In the raw, staging and mart tables, you should see 2 days worth of data for the dates 01/01/2022 and 02/01/2022.

### Generate more fake data
To demonstrate how we can handle new data arriving, let's generate some more data.

As before, move to the `util/data_gen` dir and generate the next 2 days of data with

`python generate_data.py --days 2 --start-date 2022-01-03`

This will generate fake data for 03/01/2022 and 04/01/2022.Copy these to seeds folder and run dbt seed.

Select the data in `raw_covid.raw_covid__cases` and you should see that you now have 4 days of data.
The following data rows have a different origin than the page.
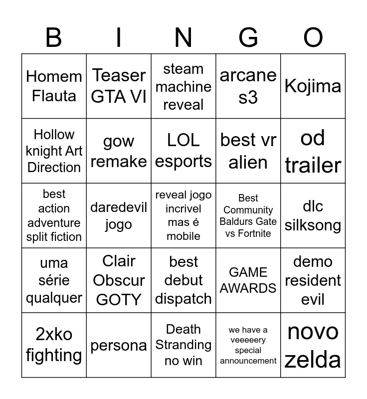 This bingo card has 25 words: Clair Obscur GOTY, Death Stranding no win, LOL esports, 2xko fighting, Kojima, Homem Flauta, Hollow knight Art Direction, Teaser GTA VI, Best Community Baldurs Gate vs Fortnite, best debut dispatch, best vr alien, best action adventure split fiction, GAME AWARDS, demo resident evil, gow remake, novo zelda, dlc silksong, steam machine reveal, od trailer, daredevil jogo, reveal jogo incrivel mas é mobile, persona, uma série qualquer, arcane s3 and we have a veeeeery special announcement.
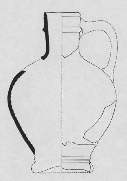 | 4b | bolle kan met hoge hals en kraagrand, ribbel op schouder, standvoet |
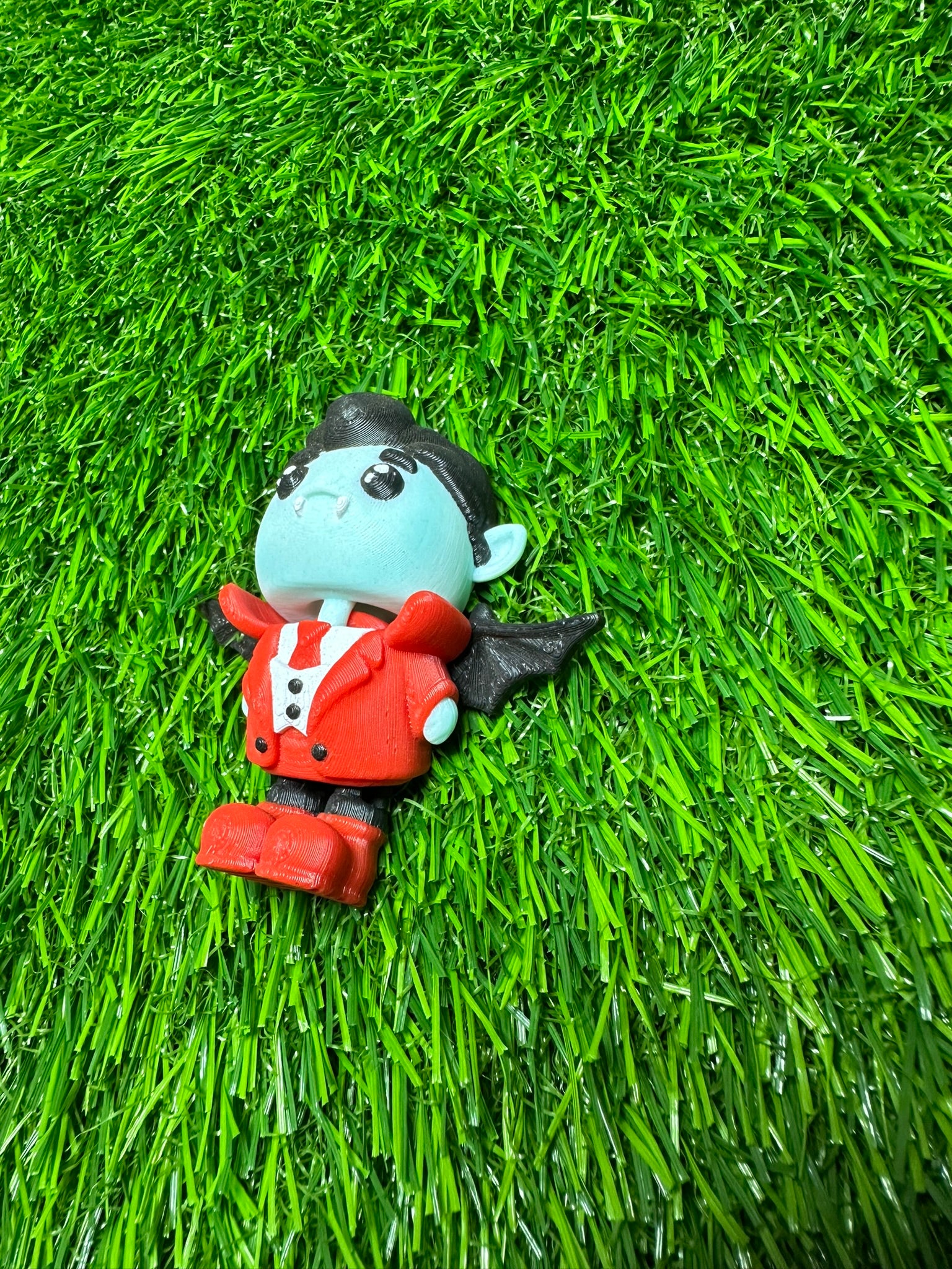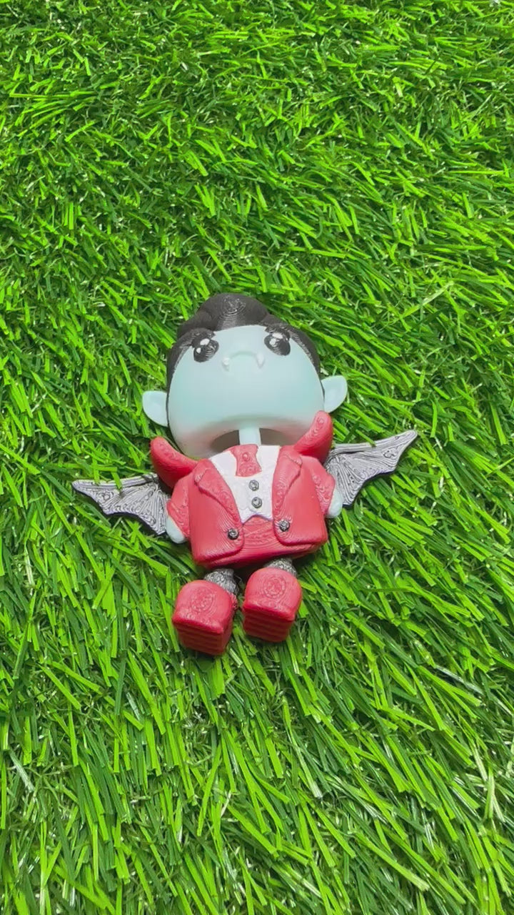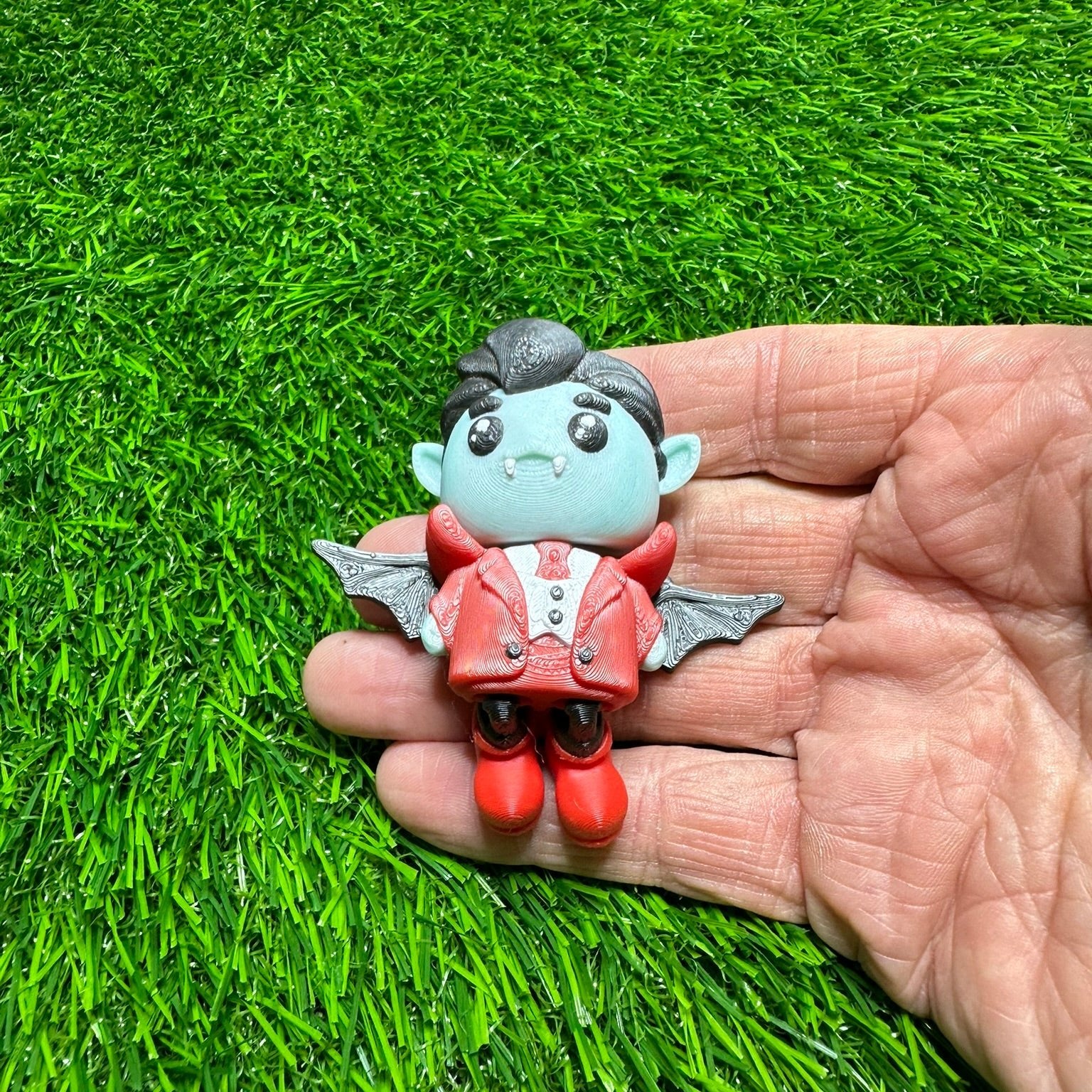 Articulating Dracula Vampire Fidget, a charming creation meticulously crafted through cutting-edge 3D printing technology right here in Virginia. Standing at a delightful 2.5 inches tall, this fidget toy is not just a playful companion but a testament to precision and durability.
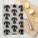 Niedliches kurzhaariges Schwarzes und Geschirrtuch
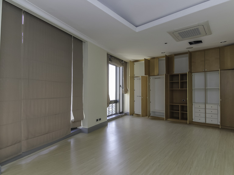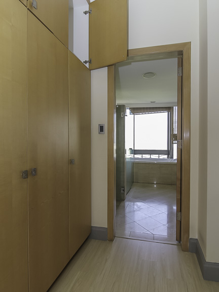 - The master bedroom is lavished with natural light and good ventilation from the entire length of one wall. Built-it wardrobe cabinets with bottom drawers and high cabinets line one wall
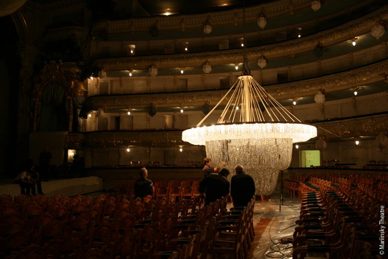Also theaters, apparently, need to be prepared in advance. I’ve just found out that the Mariinsky Theatre in St. Petersburg spent several weeks to get ready before the new season, so the audience wouldn’t come into the room, getting into our dirty corridors. That magical, gold and emerald-green microcosm does not deserve a third “stiff” day of work, people in charge might think, and there’re so many curtains to be ironed, and so many little lights to be replaced… we can’t lose any time. I love these images, they’re so indiscreet.
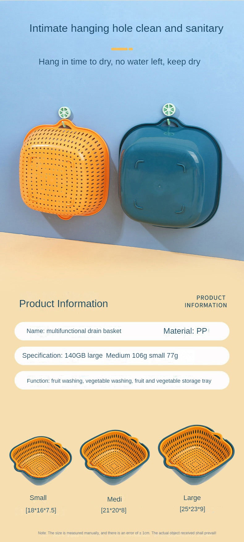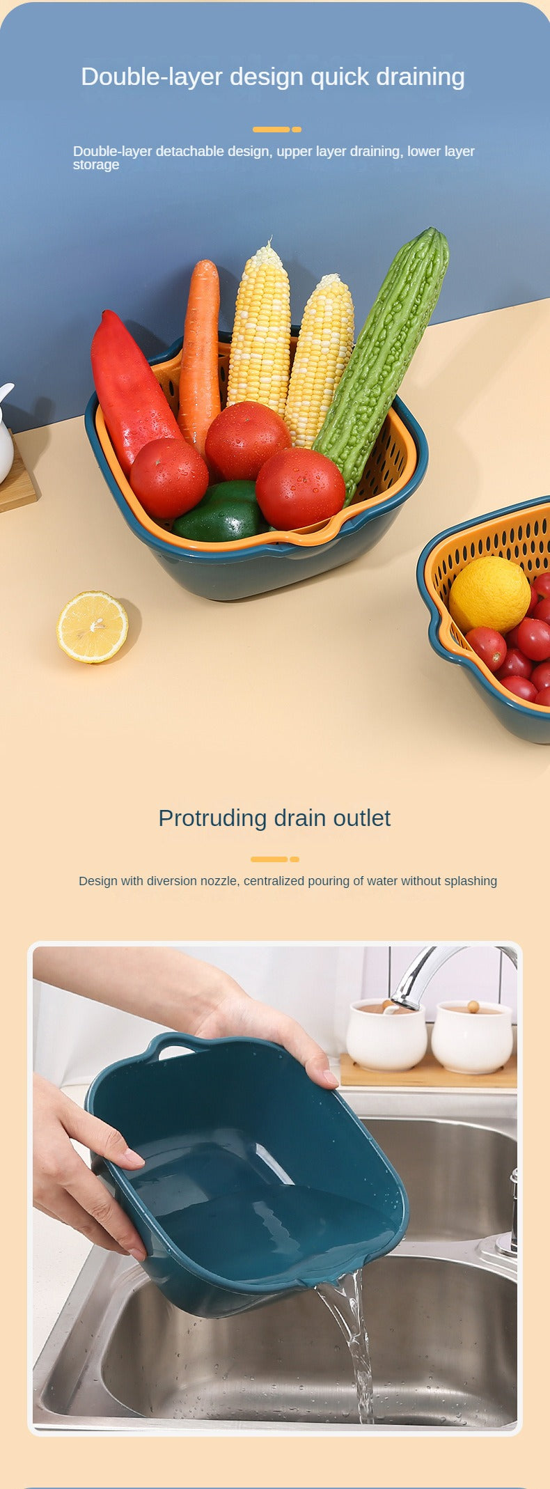 Home Kitchen Multifunctional Plastic Square Vegetable Wash Basket Double Drainer Basket Six-piece set
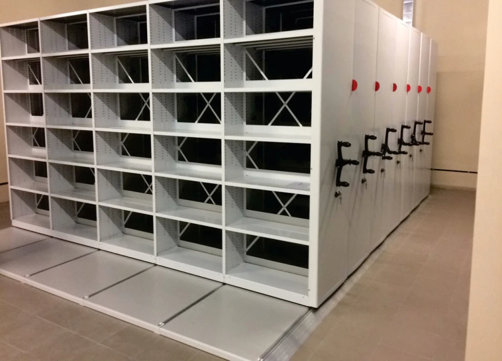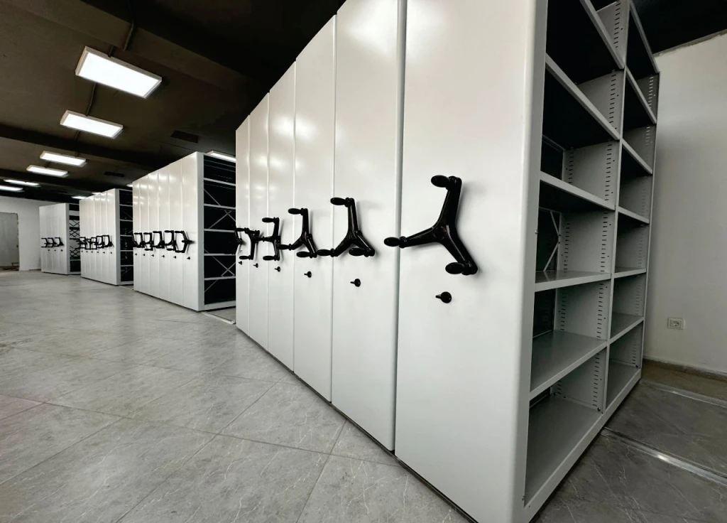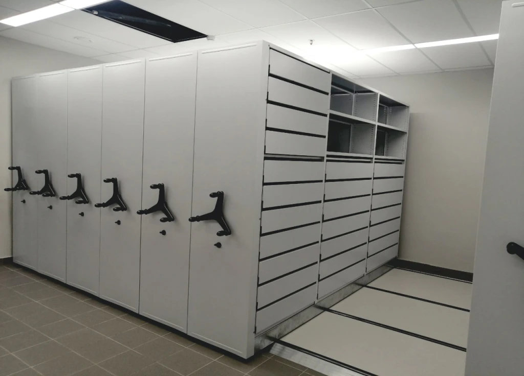 Системы компактного архивного хранения документов. Вдвое повышается вместимость или сокращаются занимаемые площади. Используются двухсторонние передвижные стеллажи для архивохранилища.

Select the data in `staging_covid.stg_covid__cases` and you should see that you also have 4 days of data, as this is a view ontop of the raw table.

Selecting the data from `mart_covid.covid_cases` will show that you still only have 2 days worth of data in the mart model. This is because we have not yet updated the model.

### Run the models again
To get the latest data into our mart model, we must run the models again.

Run the models again with

`dbt run`

This will trigger the incremental update of the mart model, by selecting only the days that are later than the maximum date we already have (our current maximum is 02/01/2022, so it will only select the dates 03/01/2022 and 04/01/2022).

When complete, review the `mart_covid.covid_cases` tables and you should see that you now have 4 days worth of data here.